Mówi: | Joanna Brodzik |
Funkcja: | aktorka |
Joanna Brodzik zagra lesbijkę. Do roli w spektaklu nauczyła się boksować
Joanna Brodzik zagra jedną z głównych ról w spektaklu „Di, Viv i Rose” w reżyserii Macieja Kowalewskiego. W sztuce wystawianej na deskach Teatru Capitol w Warszawie występują ponadto Daria Widawska i Małgorzata Lipman. Brodzik na potrzeby roli lesbijki musiała przejść intensywny trening bokserski.
W spektaklu Brodzik wciela się w Di, opisywaną jako lesbijkę i amatorkę boksu. Partnerująca jej na scenie Małgorzata Lipman gra Viv, studentkę socjologii, zaś Widawska odegra postać Rose, singielkę zainteresowaną modą.
– Chcieliśmy, żeby Di dawała sygnał, że jest osobą, która może się obronić. Ona jest bardzo doświadczona przez los, co potem rzutuje na resztę jej życia.

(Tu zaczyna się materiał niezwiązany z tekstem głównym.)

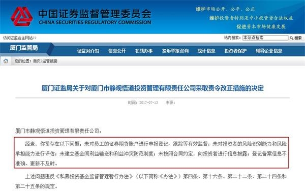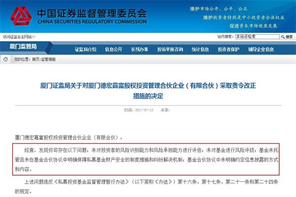 厦门证监局列举了厦门睿誉资产、厦门坤易投资、厦门市静观悟道投资、厦门鼎祥股权投资、厦门德宏嘉富股权投资等5家私募存在的问题,基金君归纳了一下,主要有几点:

Pomyśleliśmy, że na scenie dobrze będzie wyglądał boks. Kiedy znalazłam sobie trenera, okazało się, że aby trenować, trzeba mieć kondycję, której ja nie mam. Po dwóch minutach padałam na twarz. Dzięki Di nie tylko dowiedziałam się, jakie dziewczyny by mi się podobały, ale też mam nowe mięśnie – mówi agencji informacyjnej Newseria Lifestyle Joanna Brodzik.
Intensywne treningi sprawiły, że Brodzik na poważnie zainteresowała się boksem. Aktorka często wykorzystuje doświadczenie zdobyte na planach seriali lub filmów w prywatnym życiu.
– Po Kasi z „Kasi i Tomka” jestem nadal blondynką, po Magdzie z „Magdy M.” nie mam właściwie żadnego problemu z czytaniem moich kontraktów i zaginaniem prawników, bo podszkoliłam się, grając panią adwokat. Natomiast jeżeli chodzi o Di, to umiem boksować i mam kondycje, której nigdy nie miałam. Nie spodziewałam się, że w 42. roku życia będą jarały mnie moje własne mięśnie. Więc jest ekstra, jest w porządku – mówi aktorka, która w tym roku świętuje 20-lecie swojej pracy artystycznej.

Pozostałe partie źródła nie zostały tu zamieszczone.